New organ donor laws come into effect

Thursday, 31 August 2006 12:00 AM

A new law requiring hospitals to seek consent before removing organs and tissue from their patients comes into force at midnight tonight.

The Human Tissue Act 2004 was introduced following the revelation that hospitals across England were routinely taking organs from dead patients for research or education purposes without informing their relatives.

Alder Hey children's hospital in Liverpool was the most notorious, where an inquiry concluded there had been full scale removal of organs from patients between 1988 and 1955. Many of these were never even used for research purposes.

In the wake of this report, the government said the current consent laws were confusing" and needed to be updated.

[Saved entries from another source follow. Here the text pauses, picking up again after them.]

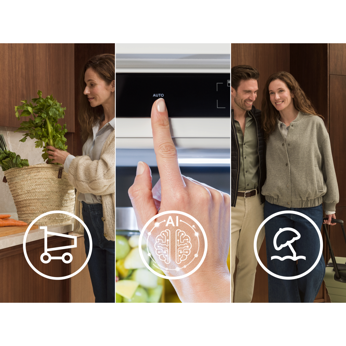 *Ispitano na 1780 CB Multichill i 1780 CB Twintech Nofrost, poređenjem potrošnje energije na 25°C u režimu Auto Vacation putem funkcije AI CoolAssist® u odnosu na fabrička podešavanja s isključenom funkcijom AI CoolAssist®. Stvarna ušteda energije zavisi od temperature okruženja i načina upotrebe.
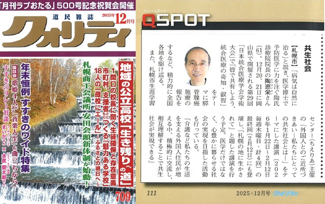 道民雑誌クォリティ2025年12月号の「QSPOTキュースポット」(P110)に、陶氏診療院院長陶恵栄の記事を掲載しました。紹介します。
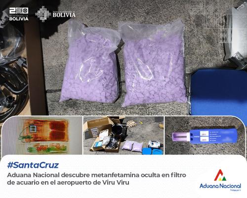 Santa Cruz, 20 de febrero 2024 AN.– La Aduana Nacional y la Fuerza Especial de Lucha contra el Narcotráfico (FELCN) descubrieron 2 paquetes con 4.000 pastillas o dos kilos de metanfetamina, que llegaron al Aeropuerto de Viru Viru, en el departamento de Santa Cruz, camuflados en un filtro externo de acuario, informó el Gerente Regional de la Aduana, José Luis Mollinedo.
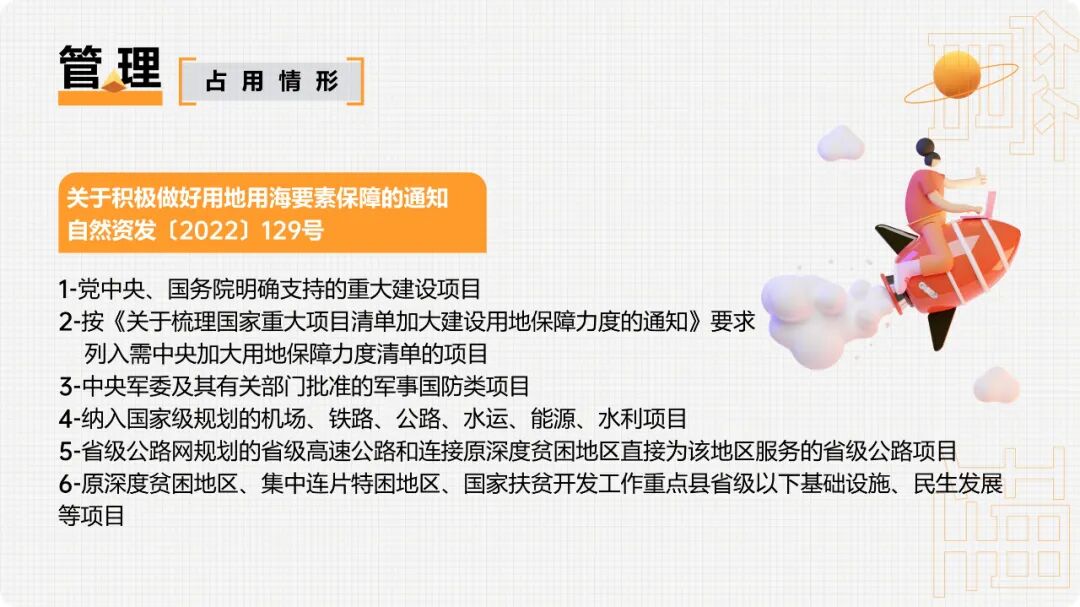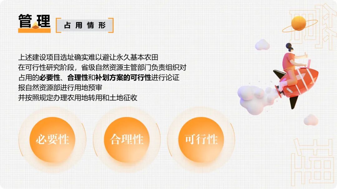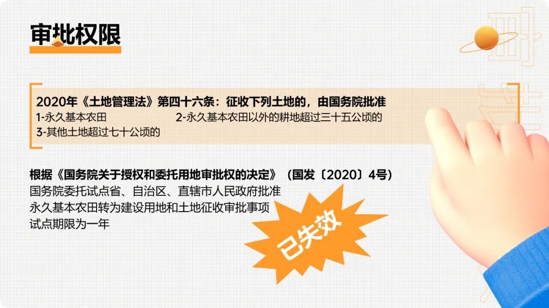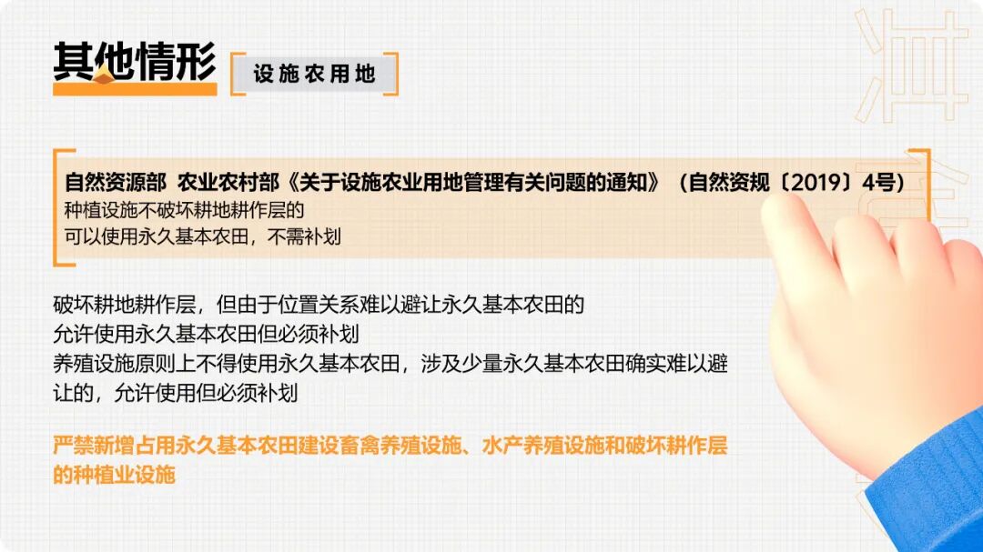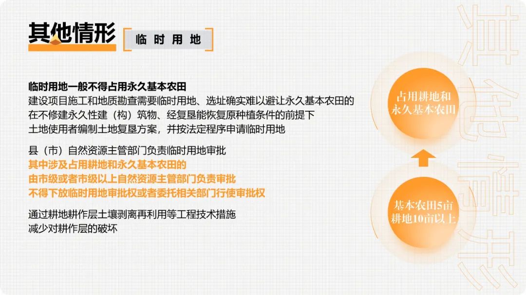 3.因自然灾害和生产建设活动严重损毁且无法复垦的耕地(二)根据《国务院关于授权和委托用地审批权的决定》(国发〔2020〕4号),国务院委托试点省、自治区、直辖市人民政府批准永久基本农田转为建设用地和土地征收审批事项,试点期限为一年。(已失效)临时用地一般不得占用永久基本农田,建设项目施工和地质勘查需要临时用地、选址确实难以避让永久基本农田的,在不修建永久性建(构)筑物、经复垦能恢复原种植条件的前提下,土地使用者编制土地复垦方案,并按法定程序申请临时用地。县(市)自然资源主管部门负责临时用地审批,其中涉及占用耕地和永久基本农田的,由市级或者市级以上自然资源主管部门负责审批,一般不超过两年。同时,通过耕地耕作层土壤剥离再利用等工程技术措施,减少对耕作层的破坏。自然资源部 农业农村部《关于设施农业用地管理有关问题的通知》(自然资规〔2019〕4号)规定,种植设施不破坏耕地耕作层的,可以使用永久基本农田,不需补划;破坏耕地耕作层,但由于位置关系难以避让永久基本农田的,允许使用永久基本农田但必须补划。养殖设施原则上不得使用永久基本农田,涉及少量永久基本农田确实难以避让的,允许使用但必须补划。严禁新增占用永久基本农田建设畜禽养殖设施、水产养殖设施和破坏耕作层的种植业设施。(三)涉及先行用地情形
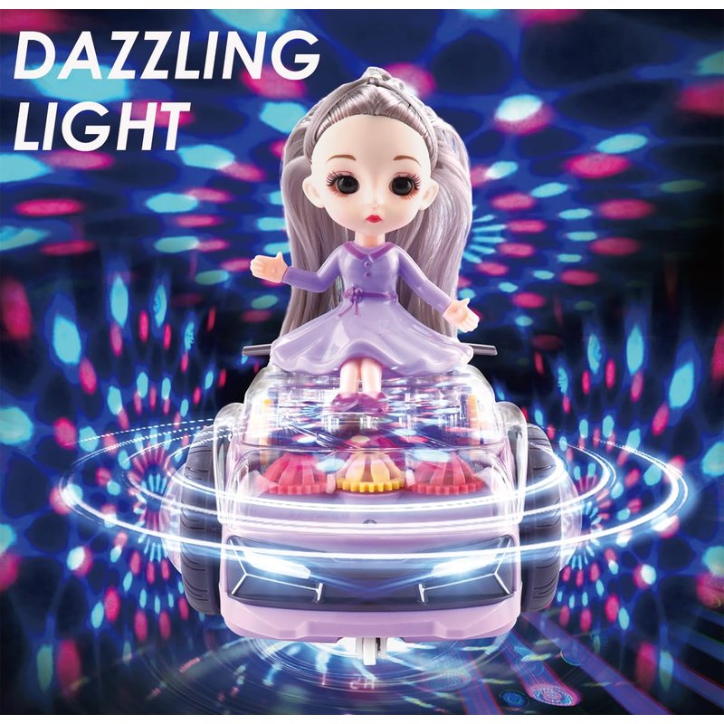 2.4G remote control car for girls, Lights up Gear Toys with a Doll Spinning Toys Gear Toys
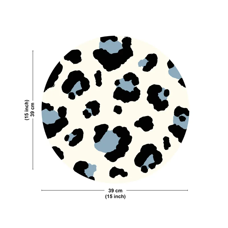 Ce motif léopard revisité mêle taches noires profondes, touches bleu ardoise et fond blanc cassé pour un look graphique, audacieux et résolument moderne.
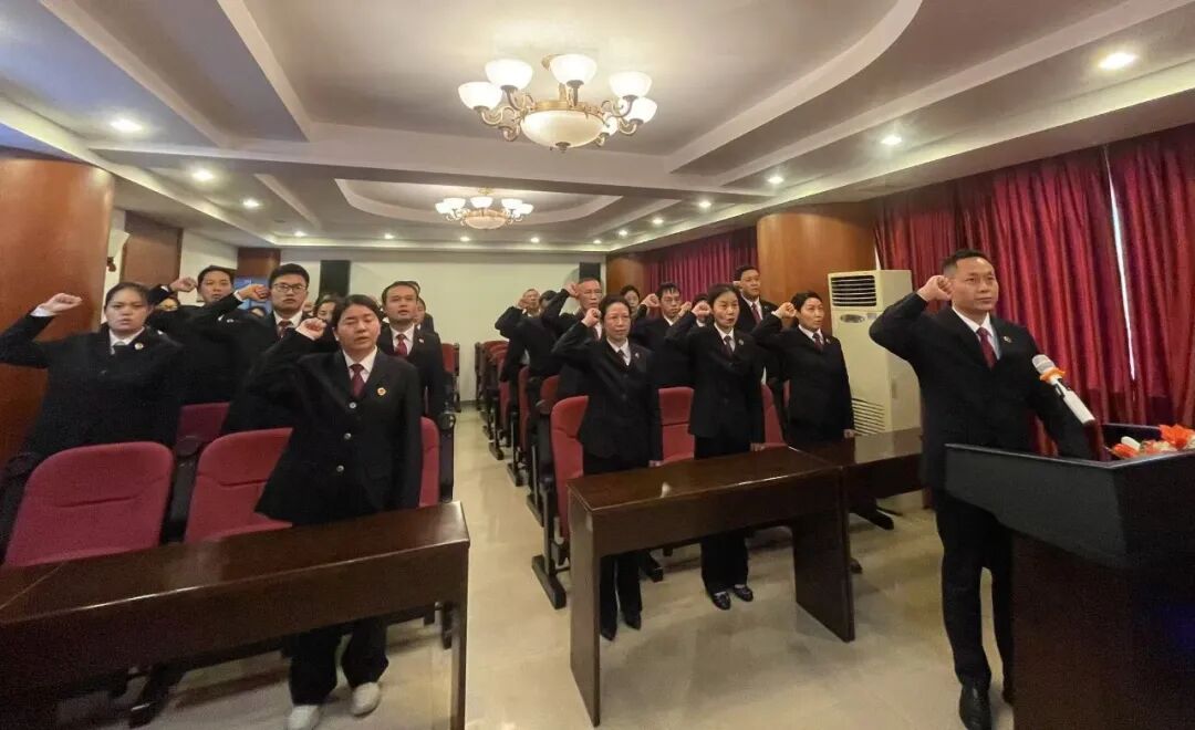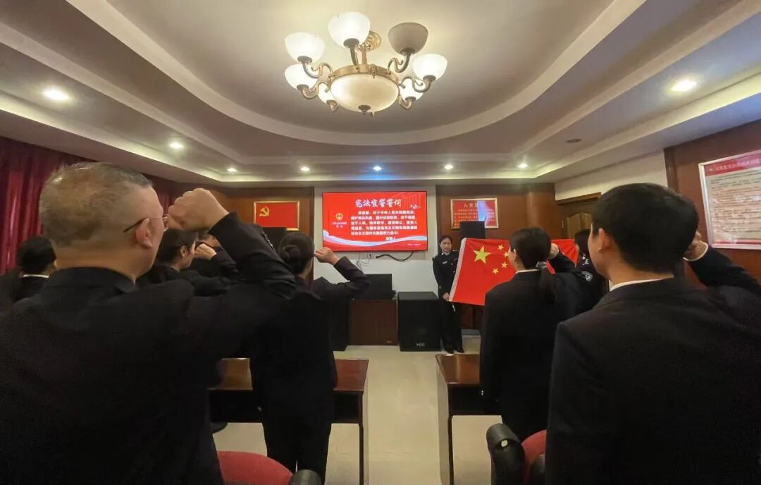上午9时,宣誓仪式在庄严的国歌声中拉开序幕,宣誓现场庄重、肃穆,宣誓台上摆放着《中华人民共和国宪法》。全体干警整齐肃立,奏唱中华人民共和国国歌,领誓人手抚宪法、领诵誓词,其他宣誓人跟颂誓词:“我宣誓:忠于中华人民共和国宪法,维护宪法权威,履行法定职责,忠于祖国、忠于人民,恪尽职守、廉洁奉公,接受人民监督,为建设富强民主文明和谐美丽的社会主义现代化强国努力奋斗!”
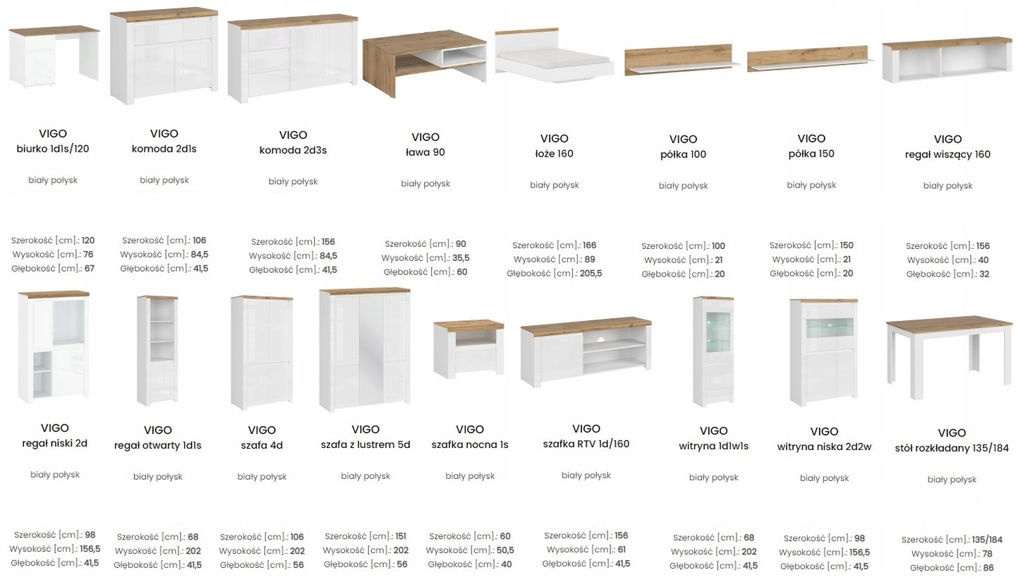 Колекція VIGO є тонкий, але потужний і привабливий. Тверда статура і виступаючі ніжки не применшують їх чарівності, елегантності та делікатності. Поєднання дуба з білими фасадами створює колекції теплого відтінку, які скрасять будь-який інтер’єр. Окрім бездоганного зовнішнього вигляду, їхньою перевагою є також місткість, яка задовольнить усіх домочадців.
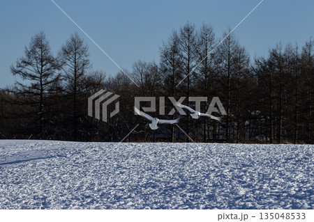 北海道鶴居村の給餌場を飛ぶタンチョウ
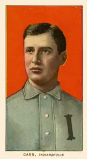 Carr served as a player-manager for the Indianapolis Indians of the American Association from 1906 to 1910.[3] On July 27, 1906, Carr entered the crowd during a game in Indianapolis and struck a spectator three or four times in the head, knocking him down and causing him to sprain his wrist. He was tried for assault in August but acquitted due to a jurisdictional technicality.[11] His 1908 Indianapolis team won the American Association pennant with a 92–61 record. Carr hit .301 in 522 at bats in 1908. Other key players on the 1908 team included Rube Marquard, Donie Bush, and Ed Siever.[12] The Indians drew 500,000 spectators in 1908.[2] Jack Hayden, who led the 1908 team with a .316 average, credited Carr with the team's success: "We have played under a leader who sympathizes with us. He always had courage and instilled courage in the team. We have been a happy family and it is with a great deal of regret that we part."[13]

It proposed the new act after a 2001 census revealed that 105,000 body parts were being held in hospitals across the country.

The new law would require all post-mortem services, anatomy schools and research units storing human tissue to be licenced by the new Human Tissue Authority (HTA), and also ensure consent must be given for body parts, organs or tissue to be removed.

In addition, the Human Tissue Act prevents families from overruling the wishes of their dead relatives to donate their organs or tissue - from midnight, patients who have signed the organ donor register, or have an organ donor card, must have their wishes respected.

HTA chief executive Andrew McNeil made clear that this did not mean surgeons would "trample roughshod over the family's concerns" about the removal of an organ for donation, but said it would give a legal basis for what the patient wanted.

The managing director of UK Transplant, Chris Rudge, said there could be anything up to 1,200 extra transplants a year because of the new law - he claimed that the wishes of one in ten of the UK's 13.5 million would-be donors are overruled by their families.

The Human Tissue Act will make it illegal to traffic in human material for transplantation, and will also create a new offence of DNA "theft" which would, for example, make it illegal to carry out a paternity test without someone's consent.

Health minister Rosie Winterton said the new law was a "huge milestone" and insisted the new regulatory system for organ transplants, which will be overseen by the HTA, would promote high professional standards and provide protection for patients.